– Знаешь, что самое трудное там? Самое невыносимое? – произносит она все тем же отстраненным голосом, будто обращается не ко мне. – Я думала, одиночество. Нет. Самое невыносимое – это когда ты не можешь различить времени. День сейчас или ночь. Час прошел или сутки. Это сводит с ума. Можно прожить и двадцать дней, и двадцать лет в одиночестве – любой назначенный срок, если есть чем его измерить. Если каждое утро видеть восход солнца, а каждый вечер – закат. Но в карцере нет восходов и закатов. Ни крошечного окошка, ни лампы, ни часов, ничего – только темнота. И промежутки между едой. Когда вдруг клацает заслонка на двери и через узкую щель света просовывается тарелка супа. Сначала я пыталась мерить время этими промежутками. Я приняла за условие, что один шаг равен секунде. И терпеливо ходила из угла в угол, отсчитывая шаги от одной тарелки до другой. Но каждый раз я сбивалась со счета, и все шло насмарку. Я дожидалась новой тарелки, начинала отсчет заново и где-то после трехсот шагов снова сбивалась. И так раз за разом, пока не перестала различать – считаю я или брежу, хожу или стою на месте, уткнувшись лбом в стену, или даже сплю – я и во сне продолжала считать шаги и часто просыпалась от собственного голоса, выкрикивая какое-нибудь число: «двести! триста! триста пятьдесят пять!»… Все в голове у меня смешалось – сон, явь, реальность, бред… Сами числа – иногда я не могла вспомнить, что за чем идет… Потом… Начались какие-то провалы сознания. Однажды я очнулась от боли и жуткого воя – этот вой шел из моего собственного горла, какой-то ярый, звериный, а сама я носилась по камере, бросалась на стены, царапала камни ногтями… Но я не помнила, что произошло, как начался этот приступ беснования. Я поняла, что перестала принадлежать себе. Что теряю себя. Потому что нельзя, понимаешь?.. Нельзя мерить время шагами в темноте, от тарелки к тарелке. Время можно мерить только солнцем. Восходами и закатами. А потом я смирилась. Я просто легла на матрас и лежала, представив, что я уже умерла, что все кончилось… Наверное, я и правда тогда умерла. И теперь мне непонятно: что я здесь делаю? Зачем я хожу, издаю какие-то звуки, двигаю ногами и руками? – она с удивлением смотрит на свои руки.

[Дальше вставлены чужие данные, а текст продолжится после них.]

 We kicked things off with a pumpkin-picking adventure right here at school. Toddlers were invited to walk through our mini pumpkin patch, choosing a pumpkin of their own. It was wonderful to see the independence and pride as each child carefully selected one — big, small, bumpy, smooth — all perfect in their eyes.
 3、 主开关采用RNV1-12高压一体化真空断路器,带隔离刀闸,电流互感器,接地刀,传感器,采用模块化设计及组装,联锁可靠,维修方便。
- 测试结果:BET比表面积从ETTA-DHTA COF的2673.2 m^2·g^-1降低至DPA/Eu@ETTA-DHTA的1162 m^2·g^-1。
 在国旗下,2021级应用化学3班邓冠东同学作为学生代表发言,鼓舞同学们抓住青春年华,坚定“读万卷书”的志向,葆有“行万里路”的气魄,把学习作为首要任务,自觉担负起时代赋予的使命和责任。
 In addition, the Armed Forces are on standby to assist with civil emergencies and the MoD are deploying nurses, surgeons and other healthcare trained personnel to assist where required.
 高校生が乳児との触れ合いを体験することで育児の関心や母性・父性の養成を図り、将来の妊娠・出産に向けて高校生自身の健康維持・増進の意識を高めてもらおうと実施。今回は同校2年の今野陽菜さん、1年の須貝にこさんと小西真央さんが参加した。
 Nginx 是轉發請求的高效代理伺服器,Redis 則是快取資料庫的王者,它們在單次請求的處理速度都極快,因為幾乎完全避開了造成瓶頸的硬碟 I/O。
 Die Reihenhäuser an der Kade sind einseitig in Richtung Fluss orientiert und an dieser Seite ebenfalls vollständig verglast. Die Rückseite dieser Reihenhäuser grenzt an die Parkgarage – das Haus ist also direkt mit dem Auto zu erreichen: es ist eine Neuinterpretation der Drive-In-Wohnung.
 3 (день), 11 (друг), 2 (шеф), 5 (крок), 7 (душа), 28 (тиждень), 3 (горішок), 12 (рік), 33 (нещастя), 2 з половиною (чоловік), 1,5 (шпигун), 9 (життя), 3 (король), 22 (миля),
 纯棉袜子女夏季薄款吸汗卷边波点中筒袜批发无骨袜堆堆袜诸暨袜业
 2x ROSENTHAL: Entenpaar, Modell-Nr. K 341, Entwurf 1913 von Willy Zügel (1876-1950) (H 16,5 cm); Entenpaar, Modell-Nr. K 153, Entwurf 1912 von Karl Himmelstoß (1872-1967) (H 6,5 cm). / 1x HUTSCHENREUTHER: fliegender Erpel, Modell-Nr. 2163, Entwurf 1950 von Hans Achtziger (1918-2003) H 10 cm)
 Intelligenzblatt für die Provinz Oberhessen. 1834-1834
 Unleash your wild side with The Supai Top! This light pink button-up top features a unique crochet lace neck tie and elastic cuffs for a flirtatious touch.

– Не говори так, – я осторожно трогаю ее за плечо.
Она шарахается:
– Мне не нужно твоей жалости.
В голосе – гнев и презрение.
Неожиданно для себя я смеюсь:
– Да пошла ты!
Рита вздрагивает и впервые за разговор смотрит на меня – тем самым, прежним своим взглядом, пронзительно-синим, жгучим.
– Вот как ты заговорила…
И резко ускоряет шаг. Я хватаю ее за руку:
– Что, задело? Значит, не такая уж ты мертвая?
– Пусти!
– Хочешь, я тебя еще немного оживлю?
– Пусти!
– Я знаю, как он это делает.
Рита замирает.
– Кто?
Я указываю глазами на Воропая, который идет впереди, в толпе, рядом с Юрочкой.
– Врешь, – жадно шепчет она.
– Не вру. Я знаю. Только не спрашивай откуда.
Я рассказываю ей про «мертвые души». Рита долго что-то обдумывает, пиная на ходу камушки – и вдруг хватает меня за плечо:
– Мы можем его наказать! – но, словно опомнившись, тут же уязвленно отстраняется. – Ах да, прости, какие «мы»? – я и забыла: ты ведь теперь сама по себе!
– Тише!
Меня холодком пронзает чувство, будто нас подслушивают. Я оглядываюсь. Никого. Позади – пустая аллея. Налетает ветер, по деревьям проносится тревожный шум. До нас долетают голоса впереди идущих: они говорят про заброшенный элеватор, планируют на завтра облаву… Ходят слухи, что на элеваторе прячутся все беглые, все невидимки и нелегалы. Кто-то, мол, проходил теми местами и видел какой-то силуэт в окне, слышал какой-то ропот и топот… Где-то два раза в год – обычно весной и ранней осенью, когда росло количество без вести пропавших, – мы отправлялись туда «на облаву». Никаких следов посторонней жизни мы там никогда не обнаруживали, если не считать разной загадочной чепухи, вроде утонувшего ботинка или белого скелетика вороны с веером черных перьев. Только однажды, давно, в одном из затопленных подвалов или пожарных резервуаров, не помню, кто-то нашел полуразложившийся труп человека. Может быть, именно за тем мы туда и ходили из года в год – чтобы увидеть чью-то тайную, негласную и безнаказанную смерть.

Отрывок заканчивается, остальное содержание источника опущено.